EXERCISE INSTRUCTIONS
Below are entries with pictures among them; reproduce exactly, and only, the lines from the one containing "Лента рулетки имеет" down to the one containing "通过抢答阴阳师相关的题目,根", without the pictures.

Stored data entries
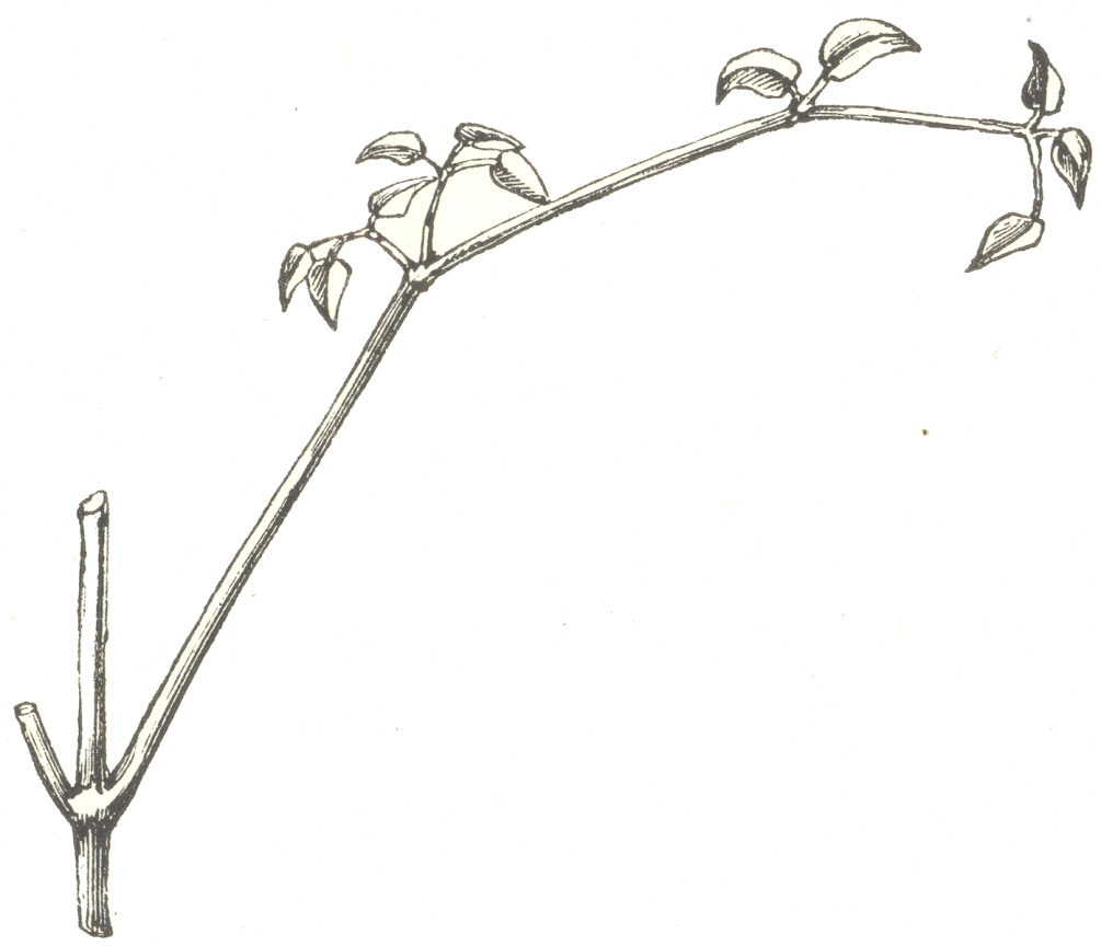 The leaves of different twining-plants are arranged on the stem (before it has twined) alternately, or oppositely, or in a spire. In the latter case the line of insertion of the leaves and the course of the revolutions coincide. This fact has been well shown by Dutrochet, [19] who found different individuals of Solanum dulcamara twining in opposite directions, and these had their leaves in each case spirally arranged in the same direction. A dense whorl of many leaves would apparently be incommodious for a twining plant, and some authors assert that none have their leaves thus arranged; but a twining Siphomeris has whorls of three leaves.
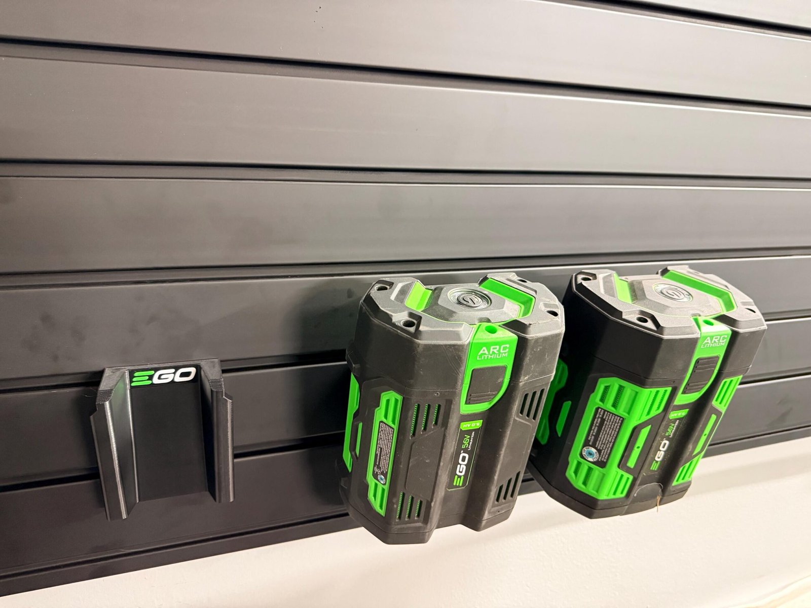 Battery Mounts for EGO 56V Packs – Secure Storage for Slat Wall systems
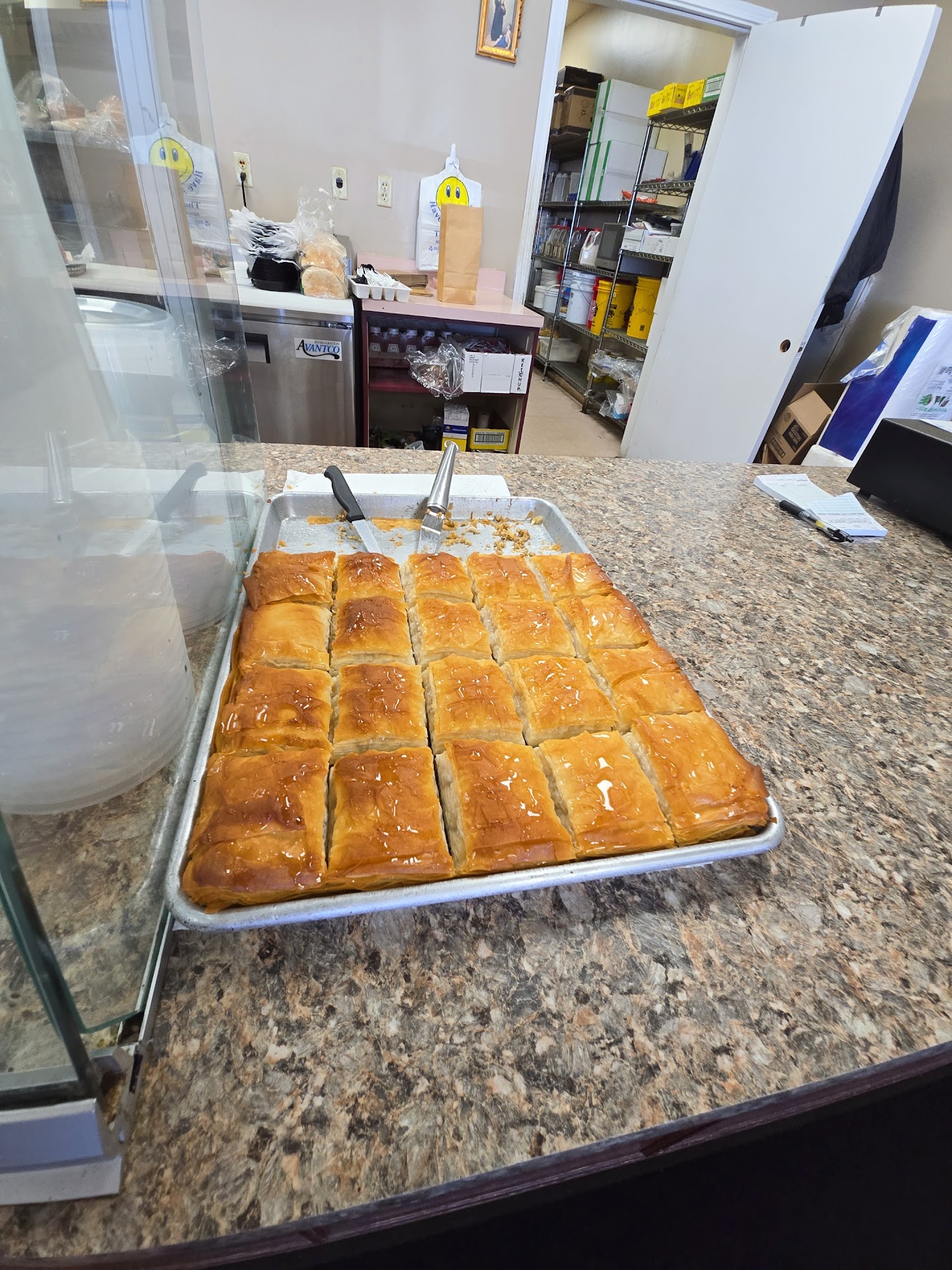 Read moreI'm from out of state and I'm so happy I found this hidden gem. Owner is very friendly and the establishment is clean. Self serve water, with bottled beverage options. Primarily mediterranean food options, but there is menu items for food such as chicken fingers, cheeseburgers, soups. I had the chicken souvlaki pocket. I ate it with the dill dressing. Absolutely delicious! It was refreshing and savory at the same time. Very well balanced and lifted my energy for the rest of the afternoon. I also got the fresh made baklava... best baklava I have ever eaten. Not too sweet, the pastry texture was crunch and chewy. I haven't had a baklava as good as this. I will be coming back here again before I leave. The atmosphere inside is very cozy, and the noise levels are quiet. Average level of busy, but not any problems finding a seat. It's a place where you order at the counter, find your own place to sit, and they'll bring your food to you. Place trays in designated spot, same as trash. Very...
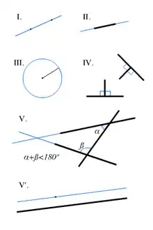 Постулаты Евклида представляют собой правила построения с помощью идеального циркуля и идеальной линейки[6]:
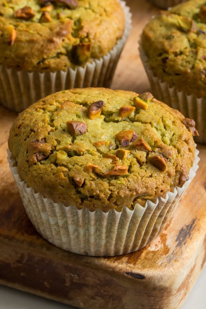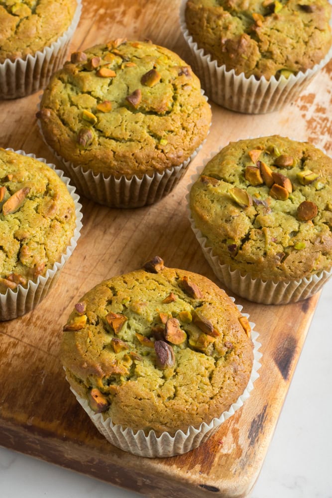 Storing these pistachio muffins are super easy. You can leave them on the counter in a sealed container for 2-3 days or store the in a container in the fridge for up to 5 days. Note, they will get hard in the fridge so leave them on the counter to come to room temperature or pop them in the microwave a few seconds.
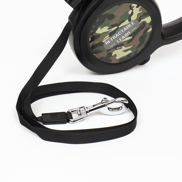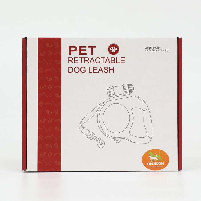 Лента рулетки имеет длину 8 метров и выдерживает вес до 50 кг, что позволяет использовать ее для больших и средних пород собак.
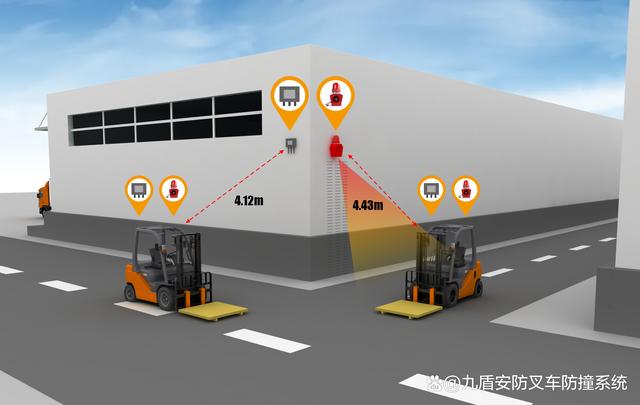 为了避免叉车引起的事故,广州九盾安防科技有限公司推出了一套创新的360度车与车、人与车防撞报警解决方案。该方案通过在叉车上安装监测设备,探测周围的人员、车辆等,以达到叉车与人员和叉车与叉车之间的防碰撞效果。
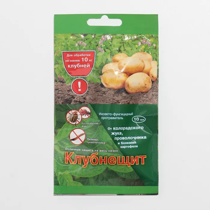 «Клубнещит»,для обработки клубней перед посадкой. Защищает картофель от проволочника, от колорадского жука и от комплекса болезней.
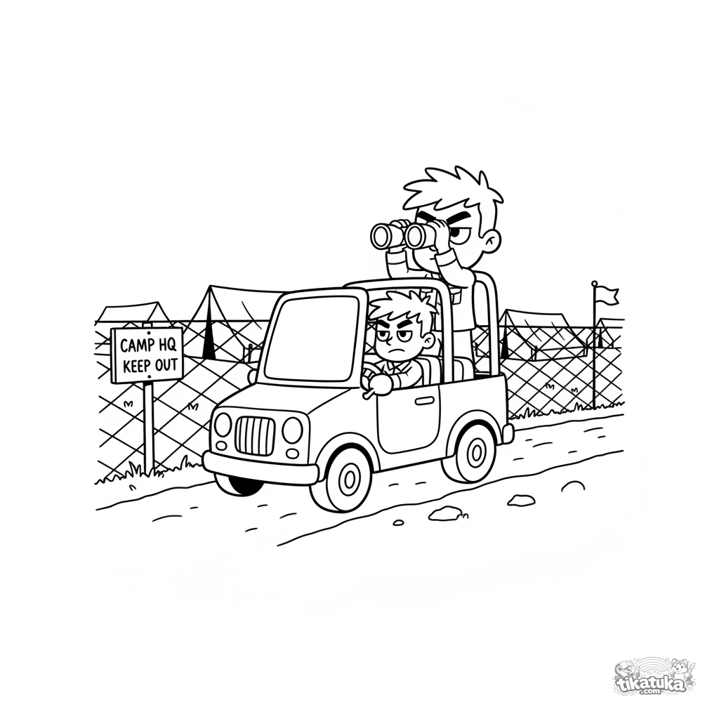 Página para colorir para 7-9 anos: um veículo militar leve patrulha o perímetro de um acampamento de quartel-general de campo. Um soldado dentro escaneia com binóculos.
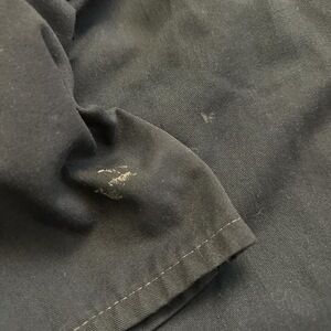 The checkered short has staining on the front bottom right side; the black shorts has some white stain on the bottom right side and a tiny stain on the left. See all pictures
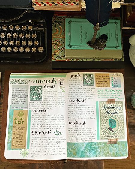 「我喜歡把每一頁做得都不同。對我來說,這是很好的冥想方式。」她說,「我的日記裏有很多經典的繪畫,還有復古的植物插圖。我覺得加入這種視覺元素有助於挖掘自己內心未知的領域。」
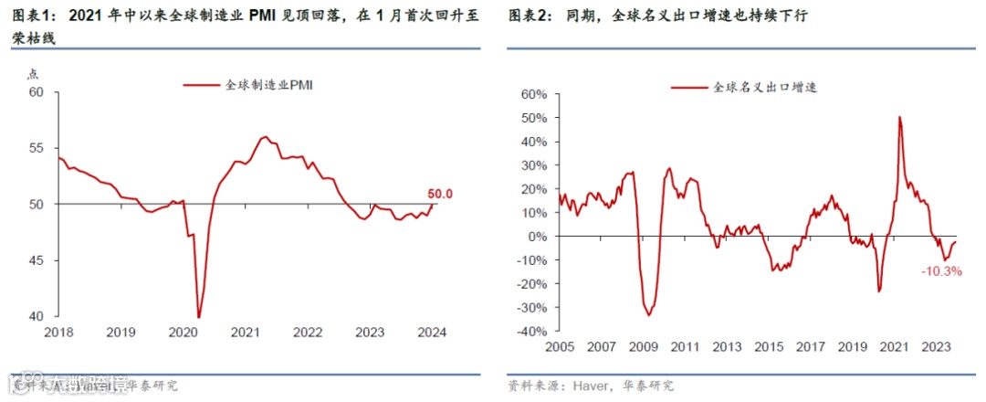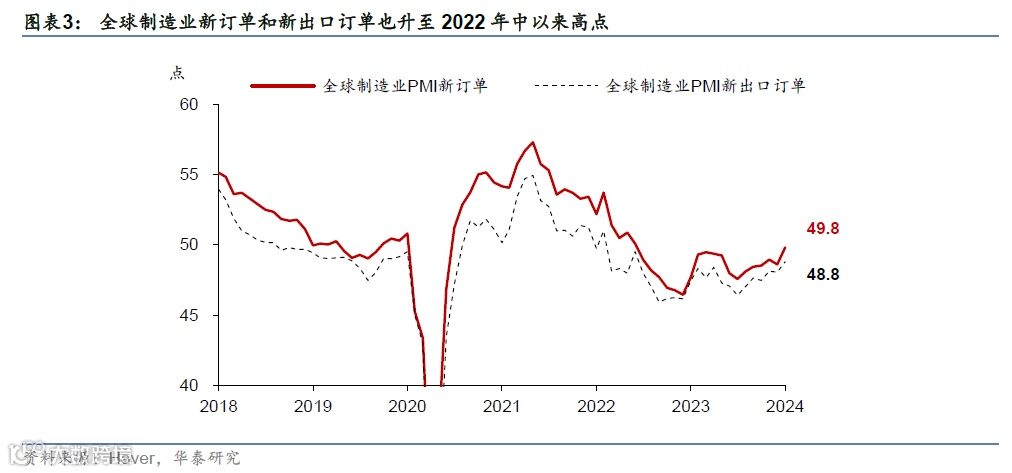 全球制造业周期或将结束长达2年的下行周期。2024年1月全球制造业PMI 17个月来首次回升至50的荣枯线;全球制造业新订单和新出口订单也回升至2022年年中以来的高点。同期,全球出口增速也企稳回升。根据韩国、中国台湾和巴西出口数据来看,1月全球名义出口增速有望继续恢复。
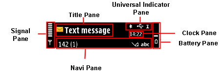 The Status pane displays status information of the current application and state, as well as general information about the device status, such as signal strength and battery charge. The Status pane may also be totally left out in certain applications or situations.
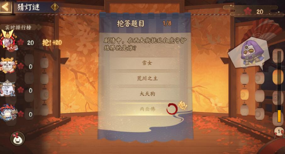 通过抢答阴阳师相关的题目,根据最终排名获得不同的物资,第一名可以获得25物资,后续排名15、10、5依此类推。
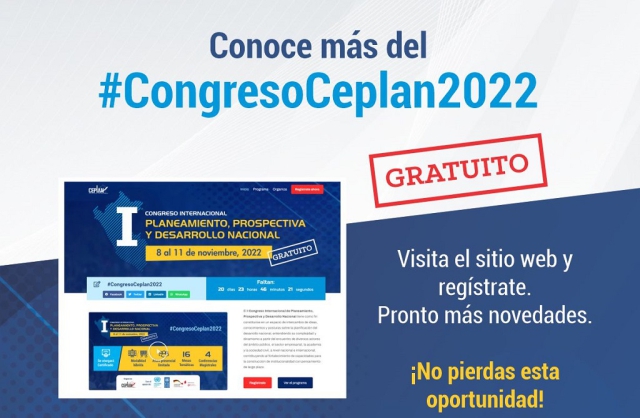Para registrarte y participar en el “I Congreso Internacional de Planeamiento, Prospectiva y Desarrollo Nacional”, ingresa al siguiente link: https://congreso.ceplan.gob.pe/
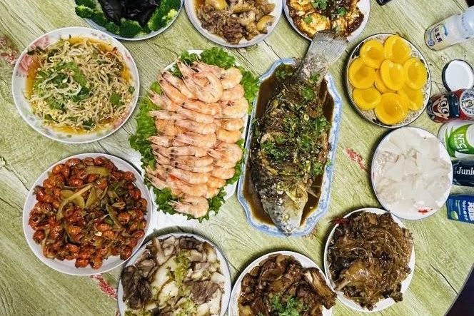 满桌佳肴尽显团圆氛围。桌上有寓意“大吉大利”的鸡肉,象征“年年有余”的鱼菜,还有各类荤素搭配的炒菜、炖菜。热气腾腾的锅仔,散发着浓郁香气,各色菜品丰富多样,也彰显着家乡的风俗——年夜饭要有腊味和火锅!一家人围坐,共享这顿丰盛年夜饭,在美食中感受新春的喜悦与家的温暖。
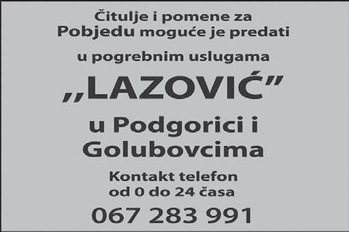 Саучешће примамо на градском гробљу Чепурци дана 15. марта од 10 до 16 часова и дана 16. марта од 9 до 11 часова када крећемо за село Старче-Горња Морача гдје ће се обавити сахрана у 15 часова. Ожалошћени: синови ДРАГОСЛАВ, РАДОВАН и РАДОСАВ, ћерке МИЛУША и МИЛА, браћа ВУКСАН и ЉУБОМИР, сестре ДУЊА, АНЂЕЛИЈА, БЛАГА и МИЛЕВА, снахе СЛАЂАНА, САЊА, МИЛЕНА и НЕДЕЉКА, заова МИЛИЦА, јетрва ЗОРКА, братанићи, братаничне, сестрићи, сестричне, ђеверичићи, унучад и остала многобројна родбина ЛУКОВАЦ и ЈОВАНОВИЋ
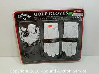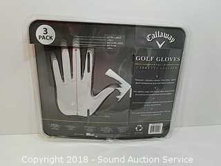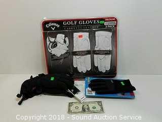 Includes: 2 pack medium Callaway golf gloves, medium cabretta leather conductive cold weather gloves, and youth's medium conductive cold weather gloves. Refer to photos for more information.

SOLUTION FOR THIS TASK
 Лента рулетки имеет длину 8 метров и выдерживает вес до 50 кг, что позволяет использовать ее для больших и средних пород собак.
 为了避免叉车引起的事故,广州九盾安防科技有限公司推出了一套创新的360度车与车、人与车防撞报警解决方案。该方案通过在叉车上安装监测设备,探测周围的人员、车辆等,以达到叉车与人员和叉车与叉车之间的防碰撞效果。
 «Клубнещит»,для обработки клубней перед посадкой. Защищает картофель от проволочника, от колорадского жука и от комплекса болезней.
 Página para colorir para 7-9 anos: um veículo militar leve patrulha o perímetro de um acampamento de quartel-general de campo. Um soldado dentro escaneia com binóculos.
 The checkered short has staining on the front bottom right side; the black shorts has some white stain on the bottom right side and a tiny stain on the left. See all pictures
 「我喜歡把每一頁做得都不同。對我來說,這是很好的冥想方式。」她說,「我的日記裏有很多經典的繪畫,還有復古的植物插圖。我覺得加入這種視覺元素有助於挖掘自己內心未知的領域。」
 全球制造业周期或将结束长达2年的下行周期。2024年1月全球制造业PMI 17个月来首次回升至50的荣枯线;全球制造业新订单和新出口订单也回升至2022年年中以来的高点。同期,全球出口增速也企稳回升。根据韩国、中国台湾和巴西出口数据来看,1月全球名义出口增速有望继续恢复。
 The Status pane displays status information of the current application and state, as well as general information about the device status, such as signal strength and battery charge. The Status pane may also be totally left out in certain applications or situations.
 通过抢答阴阳师相关的题目,根据最终排名获得不同的物资,第一名可以获得25物资,后续排名15、10、5依此类推。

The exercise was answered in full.